Pursuant to Regulation 17(9) of the Securities and Exchange Board of India (Listing Obligations and Disclosure Requirements) Regulations, 2015 (“SEBI Listing Regulations”) and Section 134(3) of the Companies Act, 2013, this Risk Management Policy (“Policy”) establishes the philosophy of Vedant Asset Limited (“Company”), towards risk identification, analysis and prioritization of risks, development of risk mitigation plans and reporting on the risk environment of the Company. This Policy is applicable to all the functions, departments and geographical locations of the Company. The purpose of this Policy is to define, design and implement a risk management framework across the Company to identify, assess, manage and monitor risks. Aligned to this purpose is also to identify potential events that may affect the Company and manage the risk within the risk appetite and provide reasonable assurance regarding the achievement of the Company’s objectives. This will present a wide approach to ensure that key aspects of risk  that have a wide impact are considered in its conduct of business.

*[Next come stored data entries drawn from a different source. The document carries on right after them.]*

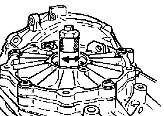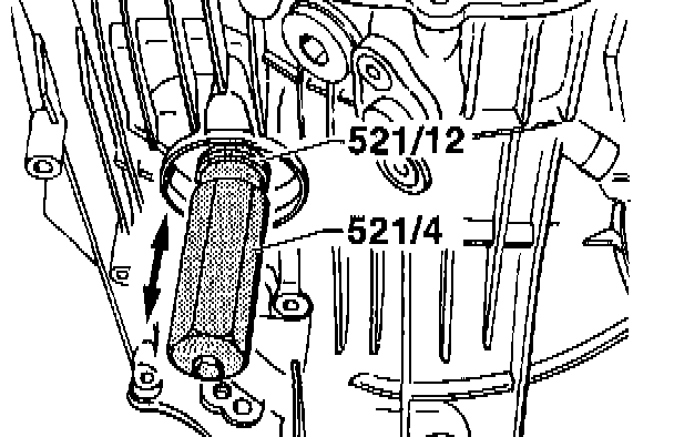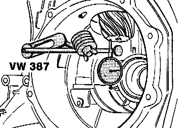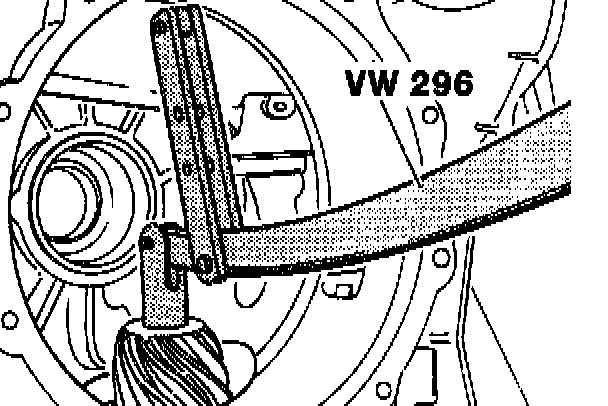 - Using the special tool VW 296, press on the output shaft head until the tapered roller bearing outer race fits closely in the transmission case cover.
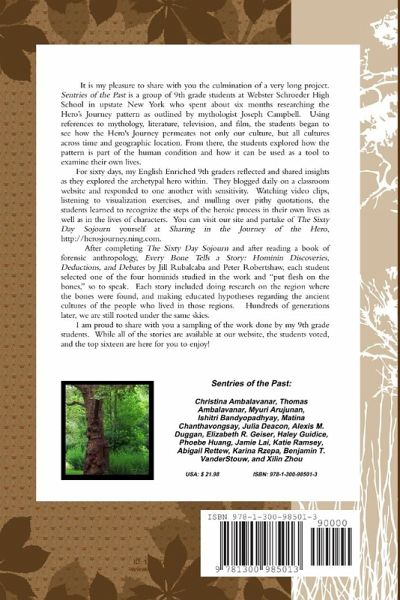 Sentries of the Past is a group of 9th grade students at Webster Schroeder High School who spent six months researching the Hero's Journey pattern as outlined by mythologist Joseph Campbell. From there, the students explored how the pattern is part of the human condition and how it can be used as a tool to examine their own lives. For 60 days, my 9th graders reflected and shared insights as they explored the archetypal hero within. After completing The Sixty Day Sojourn and after reading a book of forensic anthropology, Every Bone Tells a Story: Hominin Discoveries, Deductions, and Debates by Jill Rubalcaba and Peter Robertshaw, each student selected one of the four hominids studied in the work and "put flesh on the bones," so to speak. Each story included doing research on the region where the bones were found, and making educated hypotheses regarding the ancient cultures of the people who lived in those regions.
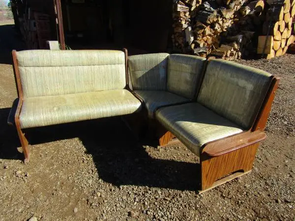 Kitchenette bench with table. Heavy plastic cover on cushions and table for protection but can be removed. Table measures 46 long, 36 wide, and 30 tall. Excellent condition. Located between Dolores and Cortez. Please email or text Alice at 970-560-5794.
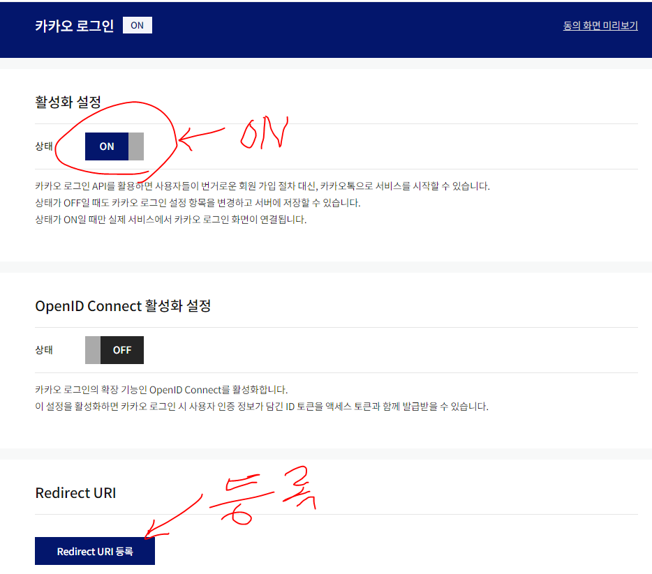 활성화 설정에서 상태를 ON 으로 바꿔주시면 아래 Redirect URI 구역이 나오게 됩니다. Redirect URI 등록을 눌러주시면
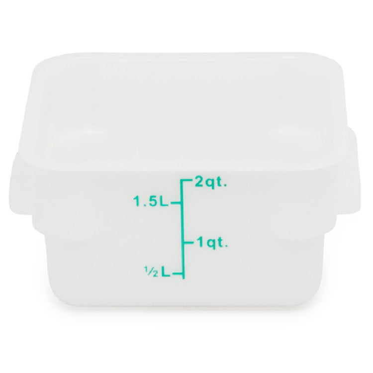 The Royal Industries ROY PPSC 2 Storage Container - 2 Qt. Square is an essential asset for professional kitchens, offering a practical storage solution with its 2-quart capacity. Crafted from durable polypropylene, this container is ideal for a wide range of food storage applications. Its square shape maximizes storage efficiency, allowing for easy stacking and space-saving in commercial environments. The inclusion of graduated markings provides precise measurement capabilities, enhancing portion control and inventory management in food service operations. While this model does not come with a lid, it is designed to maintain food safety standards and is NSF certified, ensuring compliance with health and safety regulations. The container's white color allows for easy labeling and content identification, contributing to an organized kitchen workflow. Suitable for use in various segments of the food industry, from catering services to restaurant kitchens, the Royal Industries ROY PPSC 2 offers a reliable and hygienic solution to meet the demands of food storage and management. This storage container is a testament to Royal Industries' commitment to quality and practicality, making it a valuable addition to any culinary setting.
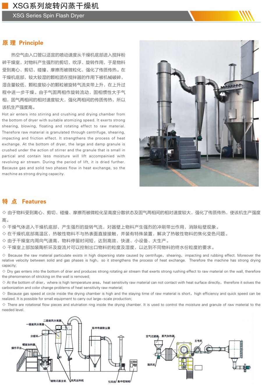 ◆干燥熱敏性物料:由于干燥時間短,物料與熱空氣相對速度大且最熱空氣不與己干物料直接接觸,故可用來處理熱敏性物料。
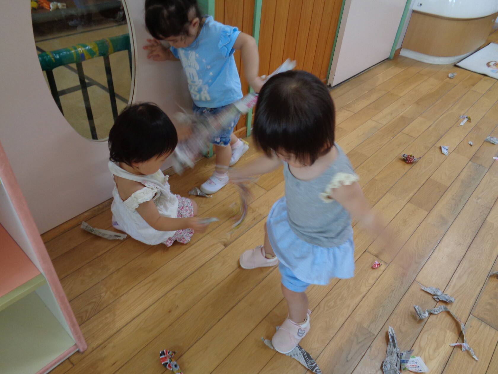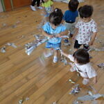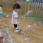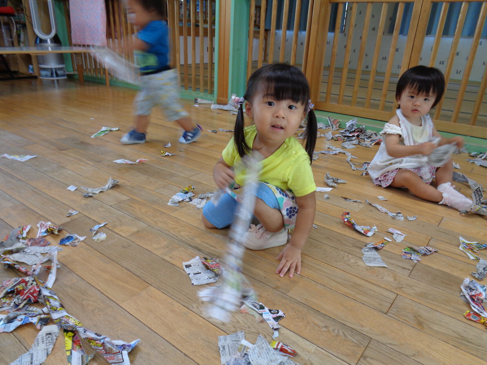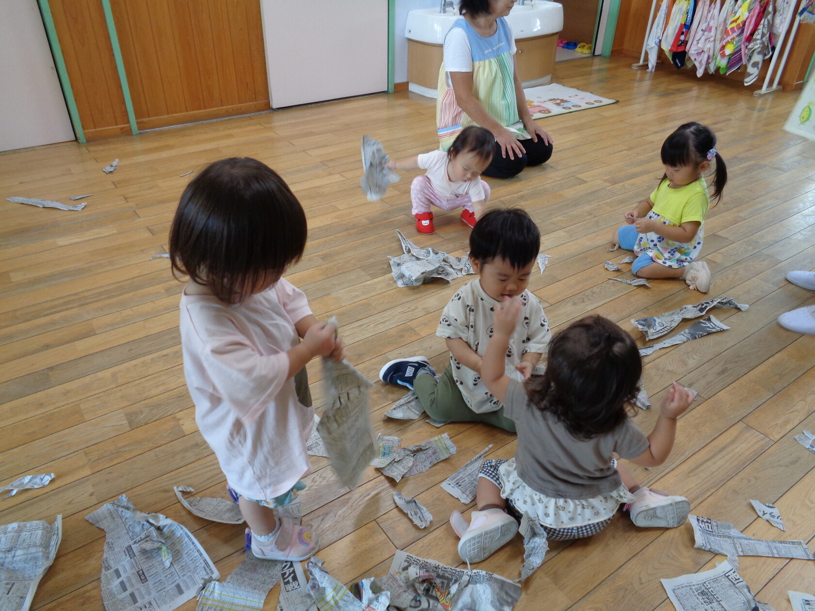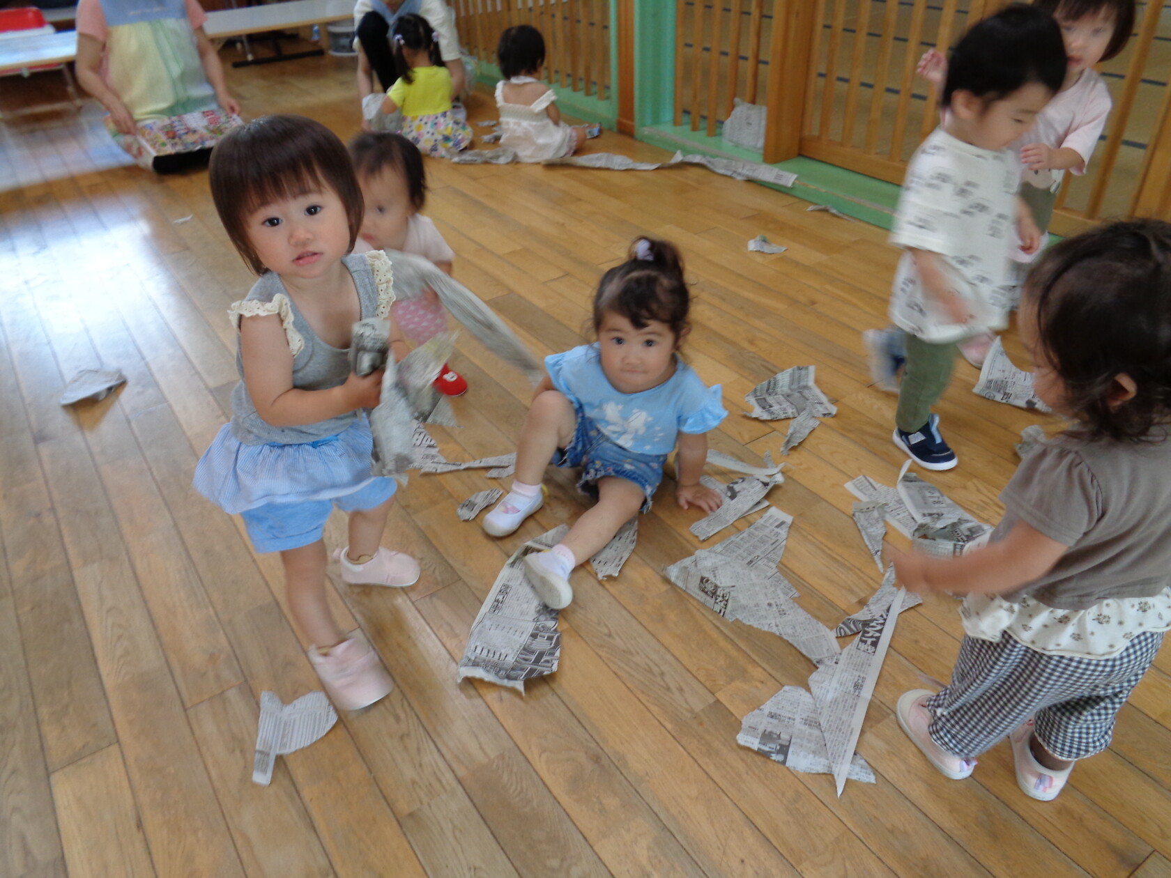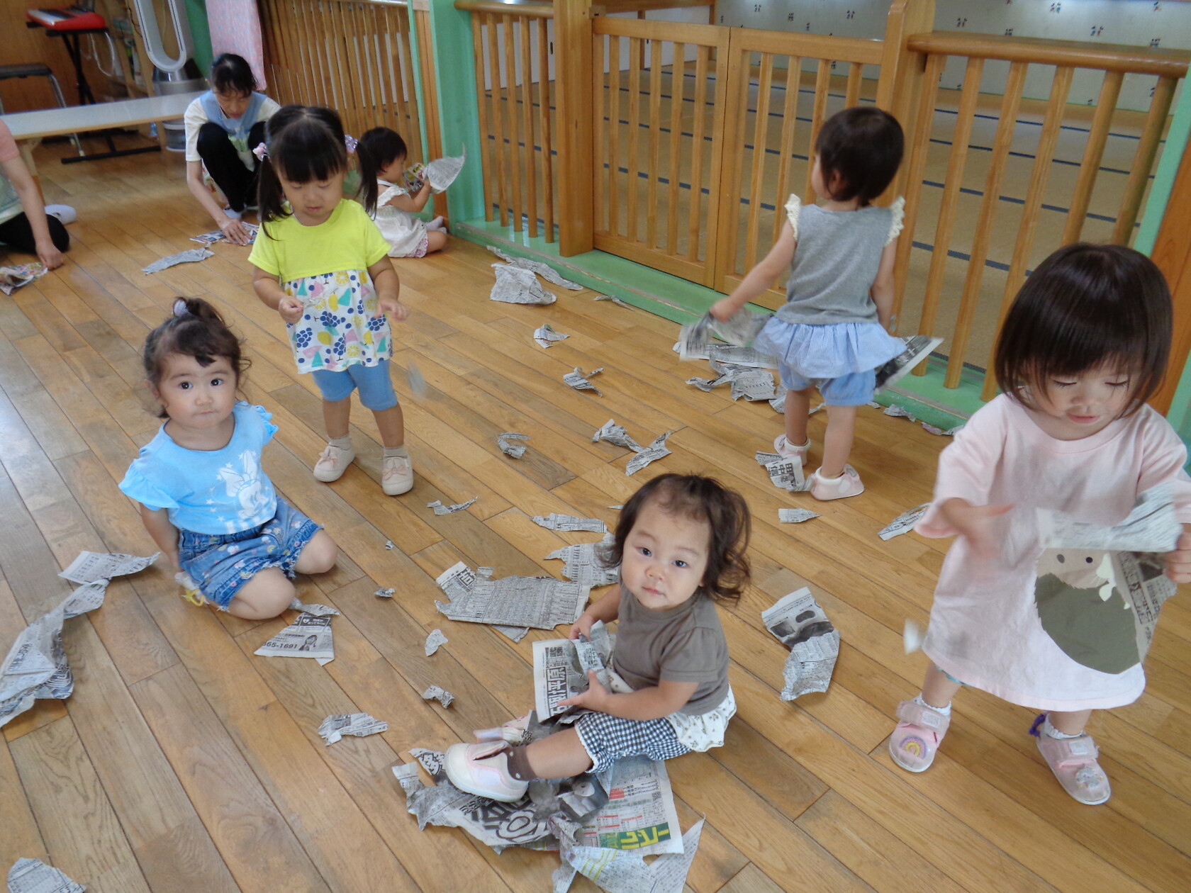今日は、お部屋で新聞遊びをしました🎼 ちぎったり、丸めてボールにしたり、花びらのように上からパラパラ落としたり、色々な遊び方を楽しみました😊

Risk: Risk is an event which can prevent, hinder or fail to further or otherwise obstruct the enterprise in achieving its objectives. A business risk is the threat that an event or action will adversely affect an enterprise’s ability to maximize stakeholder value and to achieve its business objectives. Risk can cause financial disadvantage, for example, additional costs or loss of funds or assets. It can result in damage, loss of value and /or loss of an opportunity to enhance the enterprise operations or activities. Risk is the product of probability of occurrence of an event and the financial impact of such occurrence to an enterprise.




The objective of this Policy is to manage the risks involved in all activities of the Company, to maximize opportunities and minimize adversity. This Policy is intended to assist in decision making processes that will minimize potential losses, improve the management of uncertainty and the approach to new opportunities, thereby helping the Company to achieve its objectives. The objectives of the Policy can be summarized as follows:


(a)    To safeguard the Company’s and its subsidiaries’/ joint ventures’ property, interests, and interest of all stakeholders;

(b)  To manage risks with an institutionalized framework and consistently achieving desired outcomes;

(c)   To protect and enhance the corporate governance;

(d)  To implement a process to identify potential / emerging risks;

(e)  To implement appropriate risk management initiatives, controls, incident monitoring, reviews and continuous improvement initiatives;

(f)   Minimize undesirable outcomes arising out of potential risks; and

(g)  To align and integrate views of risk across the enterprise.



The risk management system in the Company should have the following key features:


(a)  Active board of directors, committee and senior management oversight;

(b)  Appropriate policies, procedures and limits;

(c)   Comprehensive and timely identification, measurement, mitigation, controlling, monitoring and reporting of risks;

(d)  Appropriate management information systems at the business level;

(e)  Comprehensive internal controls in accordance with current regulations and business size and scale; and

(f)   A risk culture and communication framework




An organization’s ability to conduct effective risk management is dependent upon having an appropriate risk governance structure and well-defined roles and responsibilities. Risk governance signifies the way the business and affairs of an entity are directed and managed by its Board and executive management.




The risk management committee formed by the Board shall periodically review the risk assessment and management policy of the Company and evaluate the risk management systems so that management controls the risk through a properly defined network.


Heads of departments shall be responsible for implementation of the risk management system as may be applicable to their respective areas of functioning.




The Risk Management Committee shall have minimum three (3) members with majority of them being members of the Board of Directors, including at least two thirds of members of the Risk Management Committee shall comprise  Independent Directors.


The Chairperson of the Risk Management Committee shall be a member of the Board of Directors and senior executives of the Company may be members of the Risk Management Committee.


The Risk Management Committee shall meet at least twice in a year. The quorum for a meeting of the Risk Management Committee shall be either two (2) members or one third of the members of the Risk Management Committee, whichever is higher, including at least one member of the Board of Directors in attendance.


The meetings of the Risk Management Committee shall be conducted in such a manner that on a continuous basis not more than one hundred and eighty (180) days shall elapse between any two consecutive meetings of the Risk Management Committee.